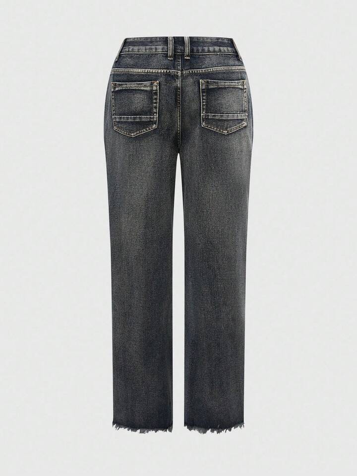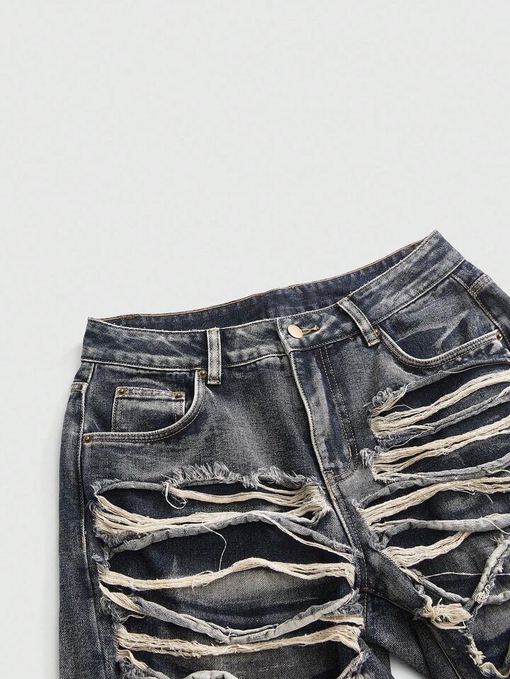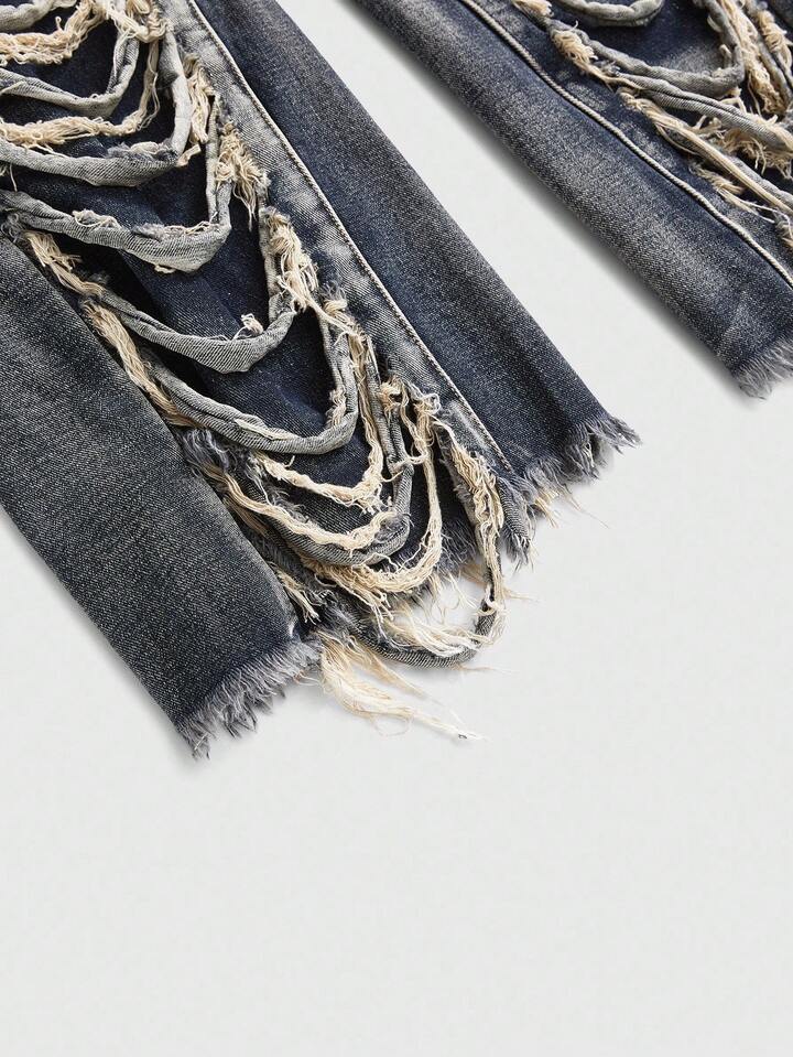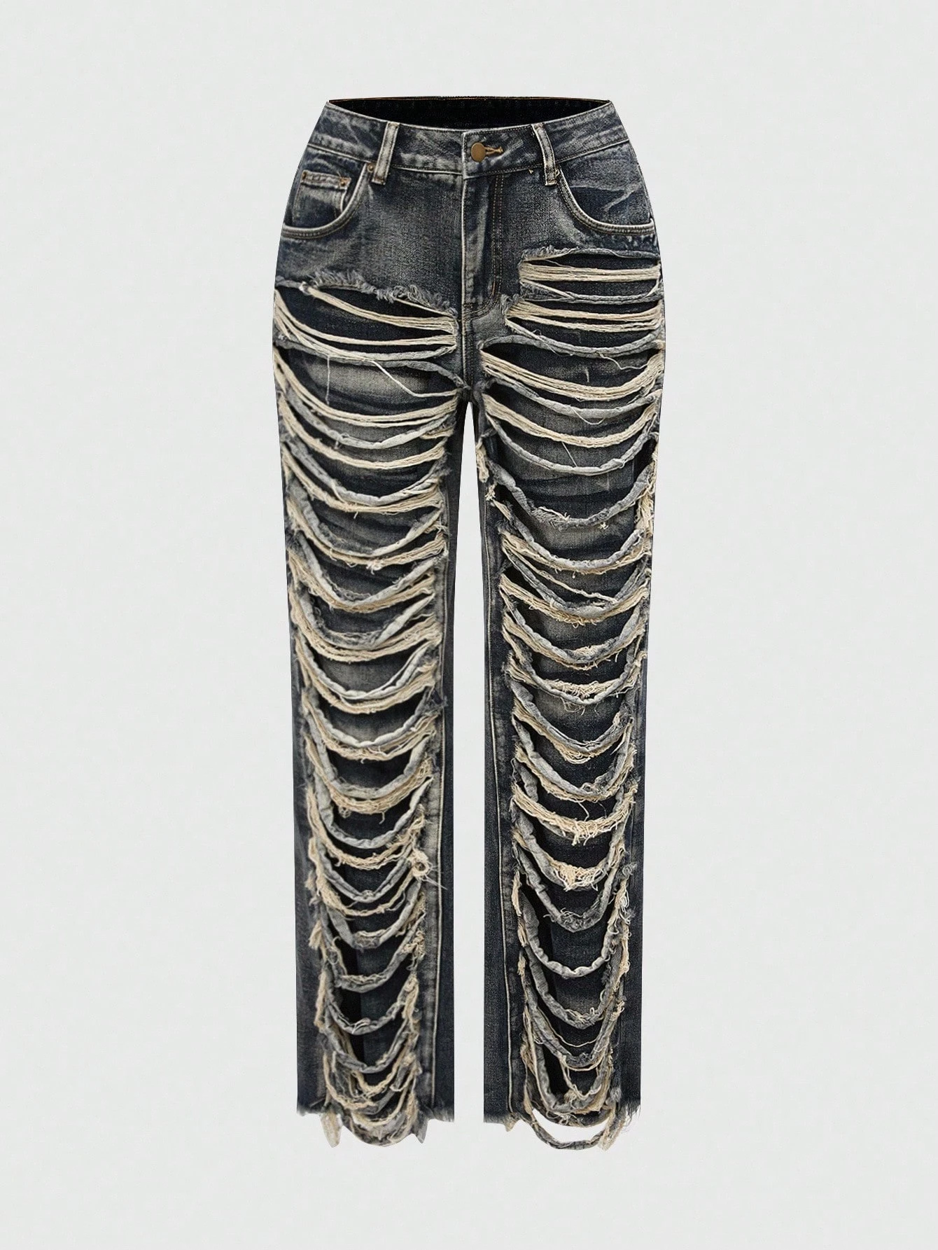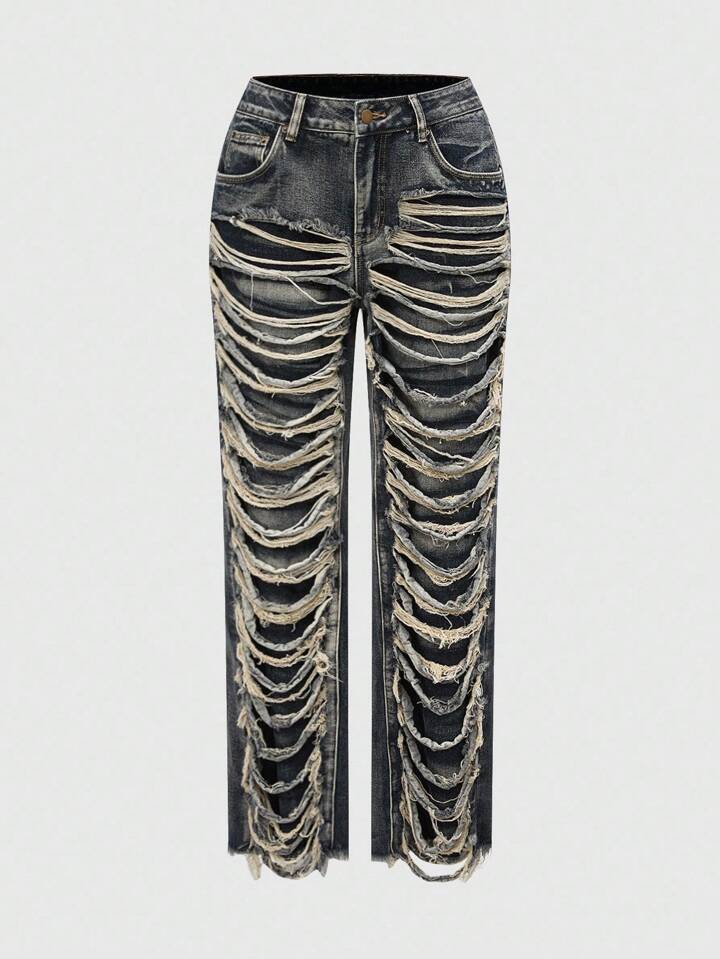 Grunge Punk Jeans femme à jambe évasée, taille basse, design asymétrique déchiré, style punk rock et pour Halloween
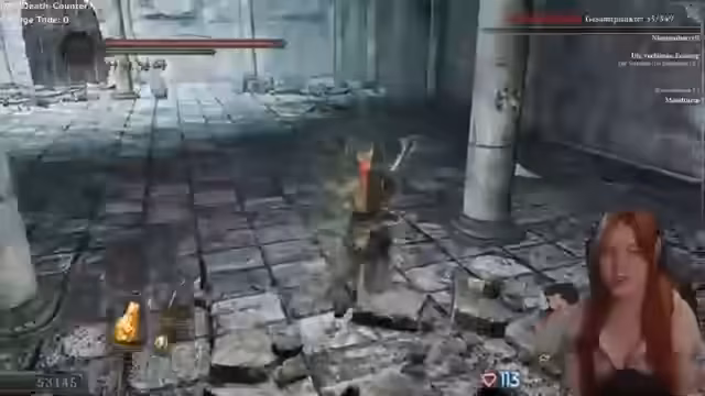 00:13:31Der Stream beginnt mit dem traditionellen Gruß an die Zuschauerinnen und Viewer. Dabei geht die Streamerin auf persönliche Themen ein, wie ihre Periode, und erwähnt ihre Absicht, am zweiten Mai einen Marathon im Spiel zu starten. Sie spricht über ihre Vorerfahrungen in Dark Souls 2 und ihre Ziele für den aktuellen Run, eine Top-Platzierung in der Soulkeepers-Wertung zu erreichen. Die Konkurrenz wird als stark beschrieben, und sie zeigt sich unzufrieden mit ihrer eigenen Punktzahl und den Trainingsfortschritten.
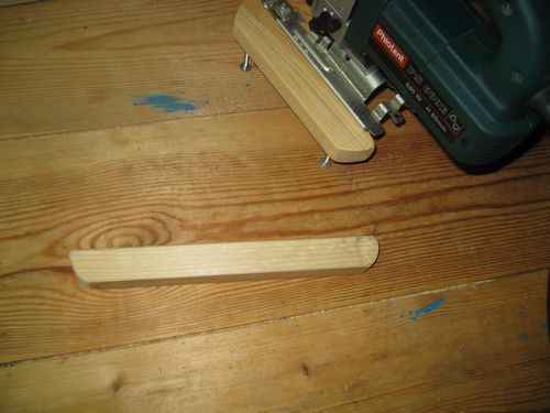 Сначала с помощью лобзика, отпиливаем и закругляем у нашей дощечки уголки для большей безопасности. Хотя это в принципе и не обязательно.
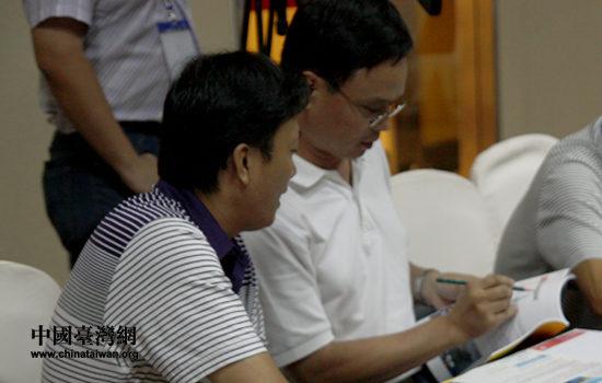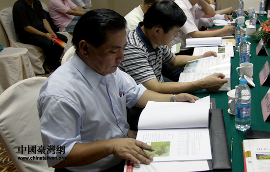 18日晚,第二届两岸乡村座谈举行两岸结对子乡村见面会,两岸30个乡村代表参加。图为参会代表在翻看结对子乡村的有关资料。(中国台湾网 张弛 摄)
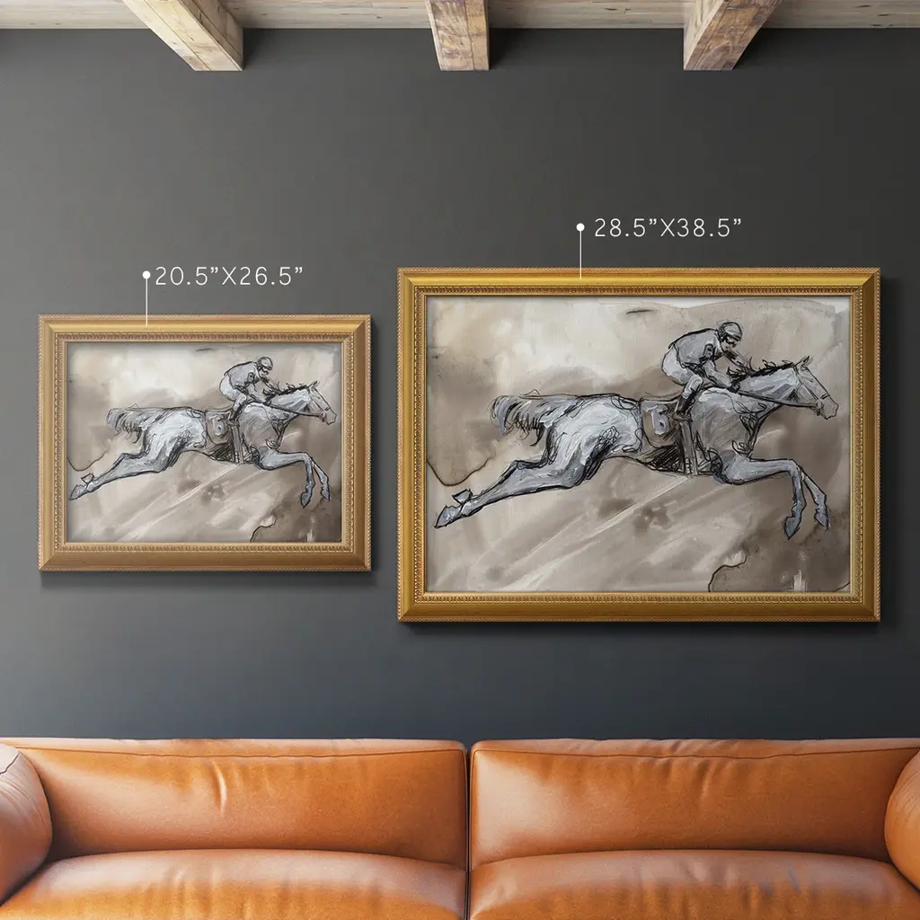 Off to the Races II Premium Framed Canvas- Ready to Hang A Premium Framed Canvas created to last. Framed in distressed wood and available in an array of sizes and colors Featuring a beveled a solid wood stretcher bar, each piece comes ready to hand 3 SIZES AVAILABLE 16''X20'' - Overall Size 18'X27'' - Overall Size 24''x36'' - Overall Size Each piece is made to order. Each piece comes with hanging hardware. Made in the USA Ready to Hang Giclee Paper Print Acrylic Glass Beveled Matt Board
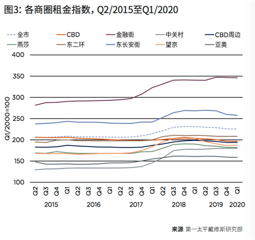 這些商圈都有近兩年供應(yīng)加快的大背景。由此,疫情期間市場需求走弱、成交擱置等因素影響下,業(yè)主方不得不繼續(xù)調(diào)整租賃策略并降低租金期待值,這使全市甲級寫字樓平均租金連續(xù)五季環(huán)比下跌。
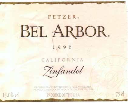 - (赤) カリフォルニア: FETZER BEL ARBOR ZINFANDEL (1996)
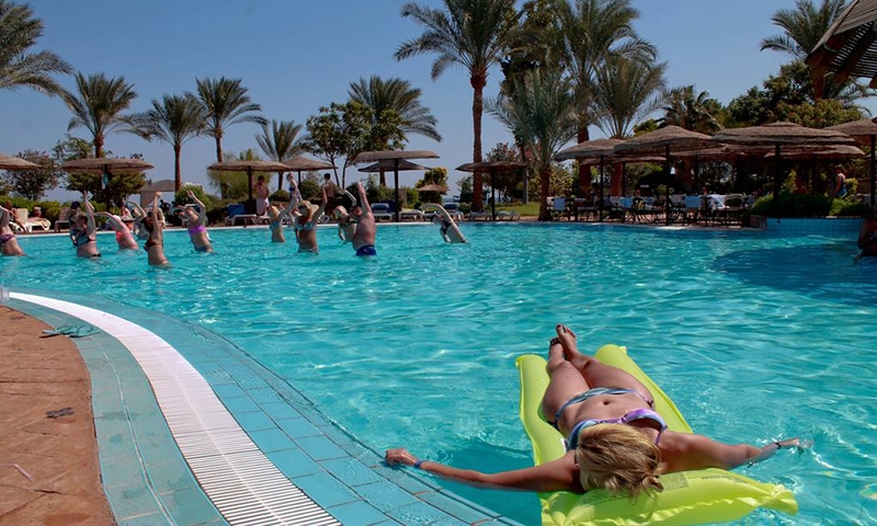 Есть бассейн с подогревом. Море красивое, вход с понтона. Риф очень красивый и разнообразный, напротив – остров Тиран. Каждый найдет свой уголок и занятие по душе. Очень много спортивной анимации. За территорией отеля прогуляться негде, но можно недорого доехать до Soho на такси.
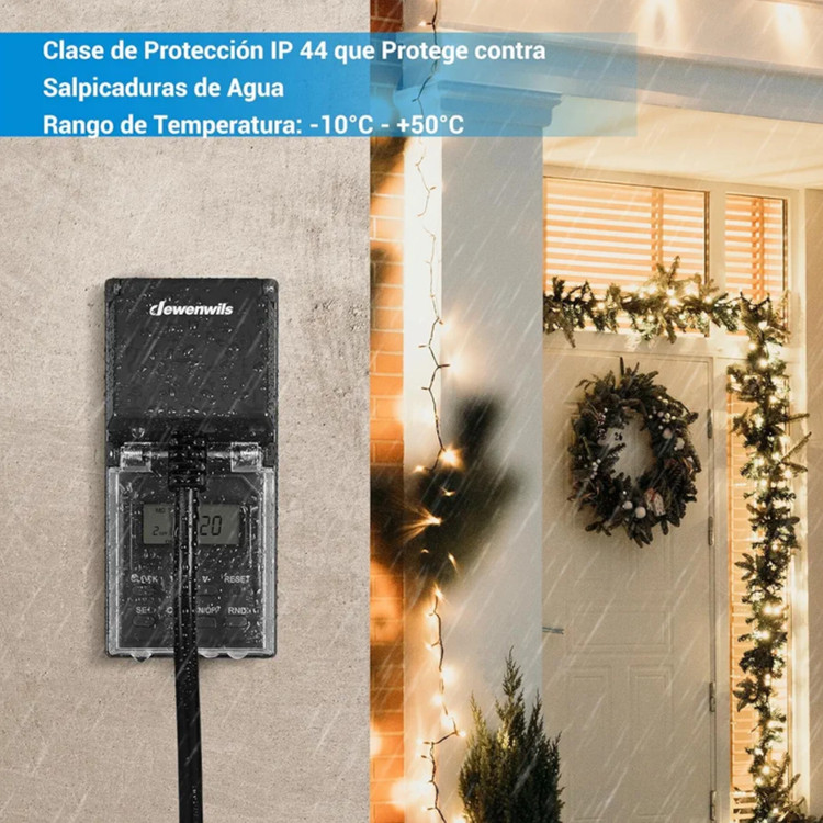 سوکت تایمر فضای باز DEWENWILS، سوئیچ تایمر دیجیتال IP44 با عملکرد تصادفی، 20 برنامه تعویض برای تزئین کریسمس، پمپ حوض، روشنایی بالکن، 16 A/3680 W، بسته 2 عددی

● ● ● ●

The lines from the one holding "Есть бассейн с" through the end of the entries are to be transcribed exactly, both ends included, with the pictures left out.

 Есть бассейн с подогревом. Море красивое, вход с понтона. Риф очень красивый и разнообразный, напротив – остров Тиран. Каждый найдет свой уголок и занятие по душе. Очень много спортивной анимации. За территорией отеля прогуляться негде, но можно недорого доехать до Soho на такси.
 سوکت تایمر فضای باز DEWENWILS، سوئیچ تایمر دیجیتال IP44 با عملکرد تصادفی، 20 برنامه تعویض برای تزئین کریسمس، پمپ حوض، روشنایی بالکن، 16 A/3680 W، بسته 2 عددی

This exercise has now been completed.